PURIFYING STORED RAINWATER
The
water stored in your tanks, while it may appear clear, is not safe to
drink. The rain which fell on your roof and ran down your gutters became
contaminated with bird feces, insect waste, decayed organic matter,
chemicals and other pollutants. To make this water safe to drink it must
first be treated or preferably purified.
Treatment involves
adding proportionately large amounts of chlorine iodine. This method
should be reserved for emergency or occasional use only, because
ingestion of too much iodine may be harmful.(3)
The optimum
solution is a water purifier which removes sediment and chemicals, kills
pathogens and removes pathogenic detritus. An efficient water purifier
would use both pre and post-filters and a high-intensity ultraviolet
germicidal lamp. Such a device must be proven to have a bacterial kill
rate up to 99.99+% including cysts (Giardia and Cryptosporidium), and
microorganisms including viruses, bacteria, fungi, algae, and
protozoa.(4)
This water purifier should be operable off the
Electric Power Grid and capable of converting water from any available
source into potable water.
NOW YOU NEED TO BECOME WATER SELF SUFFICIENT
You
have acquired long term bulk food storage, first aid kits, tools,
defensive weapons and other survival gear.
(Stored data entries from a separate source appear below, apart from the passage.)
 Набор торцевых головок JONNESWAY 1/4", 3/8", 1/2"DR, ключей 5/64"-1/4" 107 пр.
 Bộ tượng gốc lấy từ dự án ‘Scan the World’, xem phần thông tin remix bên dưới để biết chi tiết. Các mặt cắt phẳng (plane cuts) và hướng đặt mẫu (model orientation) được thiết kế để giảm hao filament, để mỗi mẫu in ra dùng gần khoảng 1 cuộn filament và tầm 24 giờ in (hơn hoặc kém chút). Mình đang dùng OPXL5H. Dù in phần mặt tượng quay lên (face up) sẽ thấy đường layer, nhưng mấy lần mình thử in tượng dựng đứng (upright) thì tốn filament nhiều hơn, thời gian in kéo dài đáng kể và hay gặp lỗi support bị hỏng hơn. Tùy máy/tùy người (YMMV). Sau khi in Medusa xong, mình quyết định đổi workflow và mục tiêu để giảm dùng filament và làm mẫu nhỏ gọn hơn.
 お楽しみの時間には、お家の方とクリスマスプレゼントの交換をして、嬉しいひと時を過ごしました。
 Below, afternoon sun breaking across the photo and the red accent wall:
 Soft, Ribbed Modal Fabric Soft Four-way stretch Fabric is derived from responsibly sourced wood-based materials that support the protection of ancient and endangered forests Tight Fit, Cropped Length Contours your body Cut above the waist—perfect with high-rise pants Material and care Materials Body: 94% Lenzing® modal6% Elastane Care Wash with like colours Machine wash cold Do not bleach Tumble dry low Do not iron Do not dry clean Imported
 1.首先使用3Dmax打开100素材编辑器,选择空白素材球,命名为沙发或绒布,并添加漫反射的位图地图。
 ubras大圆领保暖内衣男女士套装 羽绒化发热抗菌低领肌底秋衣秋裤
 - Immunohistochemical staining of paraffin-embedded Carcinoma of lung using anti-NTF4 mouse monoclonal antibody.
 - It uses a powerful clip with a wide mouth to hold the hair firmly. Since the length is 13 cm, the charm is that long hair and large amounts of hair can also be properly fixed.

Now you need to become water
self-sufficient or all your other preparations are meaningless and your
family will perish. WATER IS LIFE.
(1) Basic survival needs were
stressed at the Mar del Plata conference, a major international effort
to address world water problems organized by the United Nations... The
minimum water requirement for replacement for an "average" person has
been estimated to be approximately 3 liters (3.2 quarts) per day, given
average temperate climate conditions...
(2) The Washington Post, "Checkpoint Washington" Blog, 11/18/2011
Read more:
http://www.washingtonpost.com/blogs/checkpoint-washington/post/foreign-hackers-broke-into-illinois-water-plant-control-system-industry-expert-says/2011/11/18/gIQAgmTZYN_blog.html
(3) Heath Canada. Read more:
http://www.hc-sc.gc.ca/ewh-semt/pubs/water-eau/disinfect-desinfection-eng.php
(4)
University of Arizona, Department of Soil, Water and Environmental
Science, Tucson, AZ Copy of report available upon request.